Go to the line holding "3月22日,中国发展高层论坛" in the data below and repeat it exactly, then each line after it up to and including the one holding "HISTORY OF ENGLISH I Krista Vogelberg Part". Omit pictures.

_Data for review_.

▶

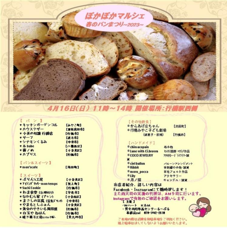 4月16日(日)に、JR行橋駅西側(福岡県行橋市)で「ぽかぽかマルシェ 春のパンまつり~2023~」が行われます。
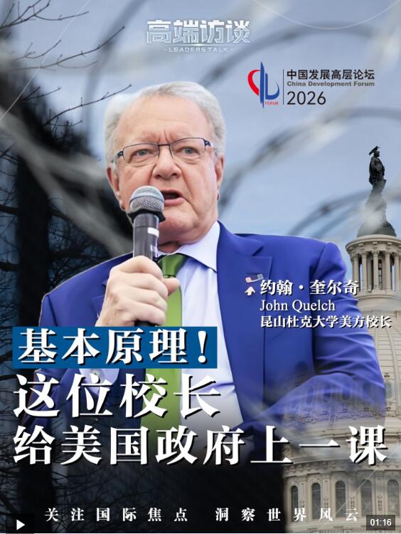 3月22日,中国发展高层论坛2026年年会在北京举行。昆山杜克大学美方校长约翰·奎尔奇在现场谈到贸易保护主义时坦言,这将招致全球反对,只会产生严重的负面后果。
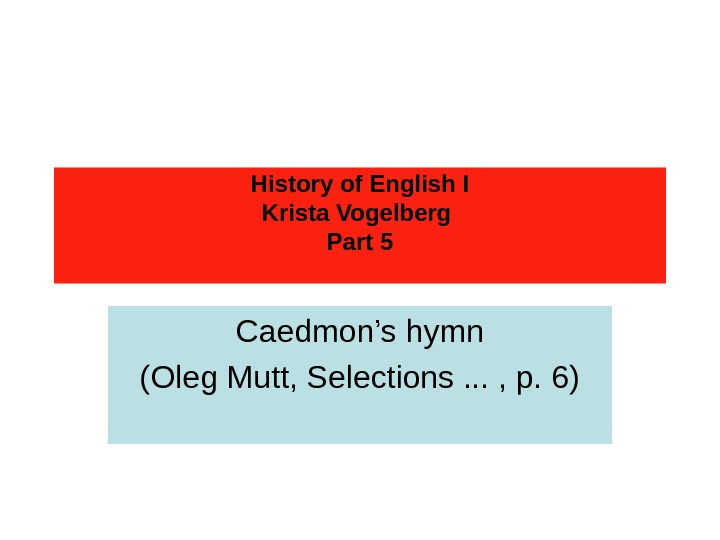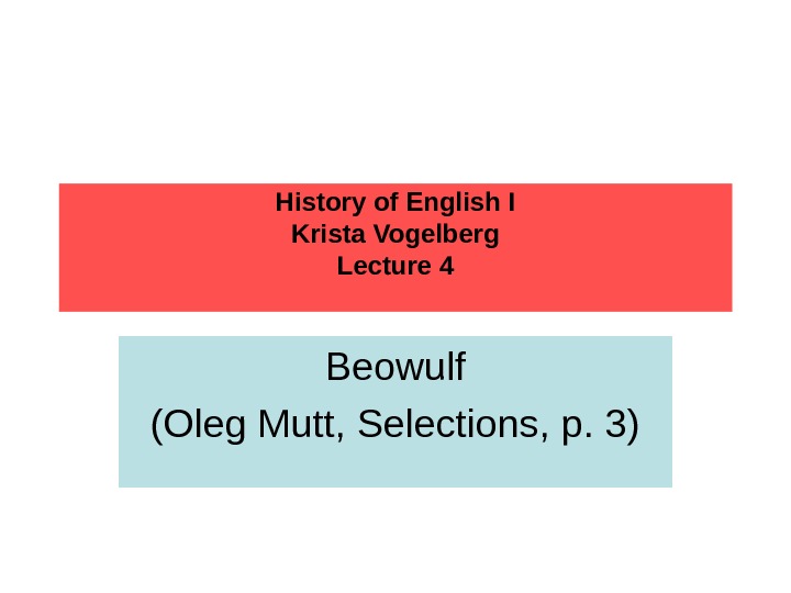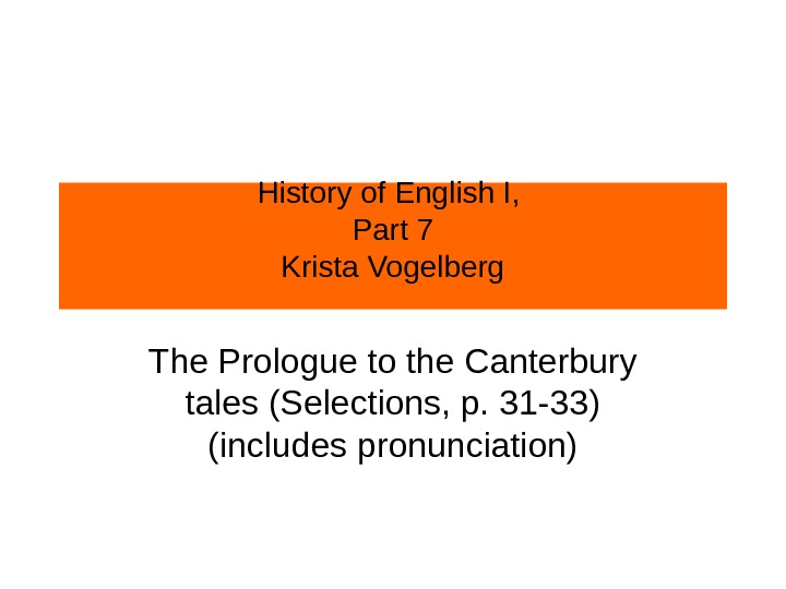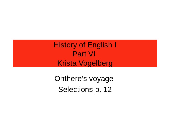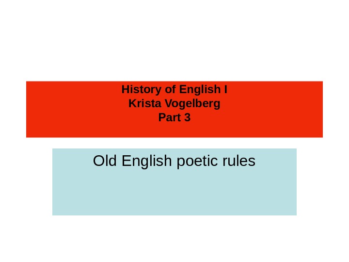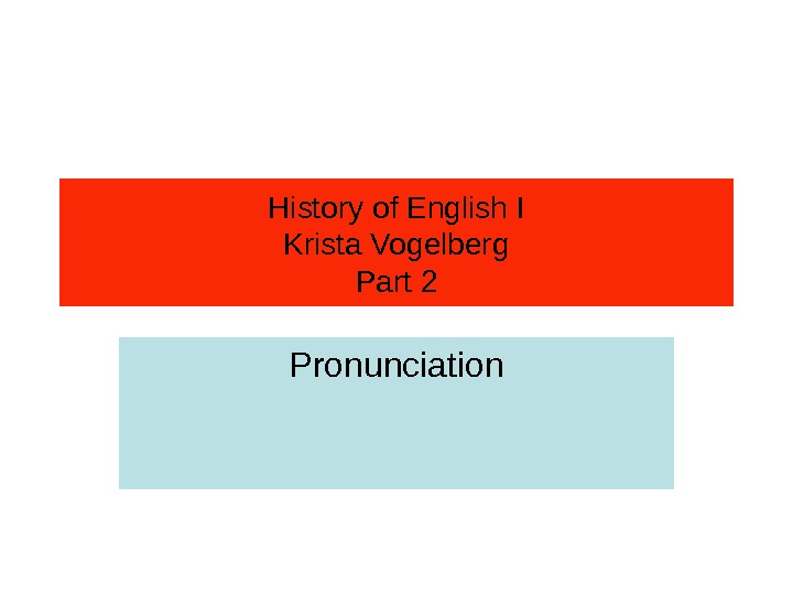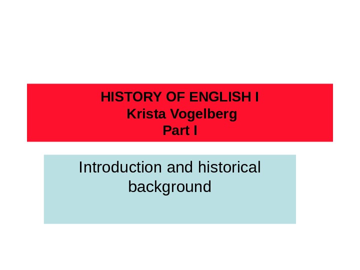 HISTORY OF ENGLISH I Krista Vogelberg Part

◀
▶

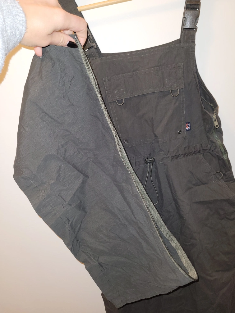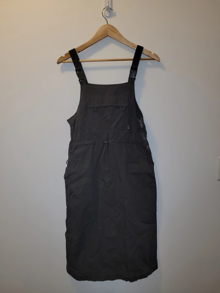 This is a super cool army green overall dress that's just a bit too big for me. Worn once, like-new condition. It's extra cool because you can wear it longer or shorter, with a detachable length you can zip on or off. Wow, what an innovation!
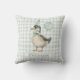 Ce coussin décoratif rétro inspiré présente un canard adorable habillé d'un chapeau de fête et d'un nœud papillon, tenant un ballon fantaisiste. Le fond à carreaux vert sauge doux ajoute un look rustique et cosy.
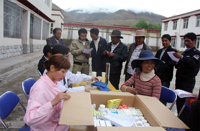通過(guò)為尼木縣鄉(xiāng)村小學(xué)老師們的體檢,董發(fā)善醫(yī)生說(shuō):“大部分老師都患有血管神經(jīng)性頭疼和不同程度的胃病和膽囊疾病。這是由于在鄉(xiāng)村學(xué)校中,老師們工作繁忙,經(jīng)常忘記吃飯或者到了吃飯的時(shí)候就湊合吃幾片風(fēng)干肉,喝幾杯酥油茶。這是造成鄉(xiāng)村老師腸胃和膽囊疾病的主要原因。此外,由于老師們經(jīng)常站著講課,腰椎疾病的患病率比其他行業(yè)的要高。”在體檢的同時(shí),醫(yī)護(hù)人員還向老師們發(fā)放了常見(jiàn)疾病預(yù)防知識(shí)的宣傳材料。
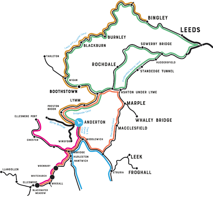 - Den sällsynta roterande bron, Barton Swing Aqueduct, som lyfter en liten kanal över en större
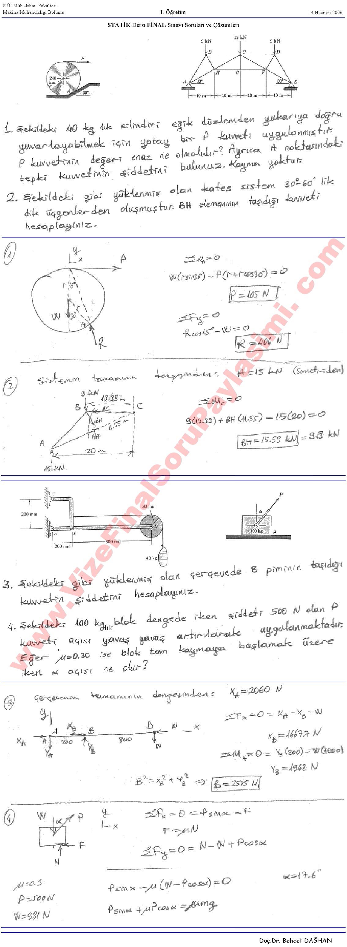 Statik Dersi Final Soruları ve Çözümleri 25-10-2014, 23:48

◀

_Solution to this exercise_.
 3月22日,中国发展高层论坛2026年年会在北京举行。昆山杜克大学美方校长约翰·奎尔奇在现场谈到贸易保护主义时坦言,这将招致全球反对,只会产生严重的负面后果。
 HISTORY OF ENGLISH I Krista Vogelberg Part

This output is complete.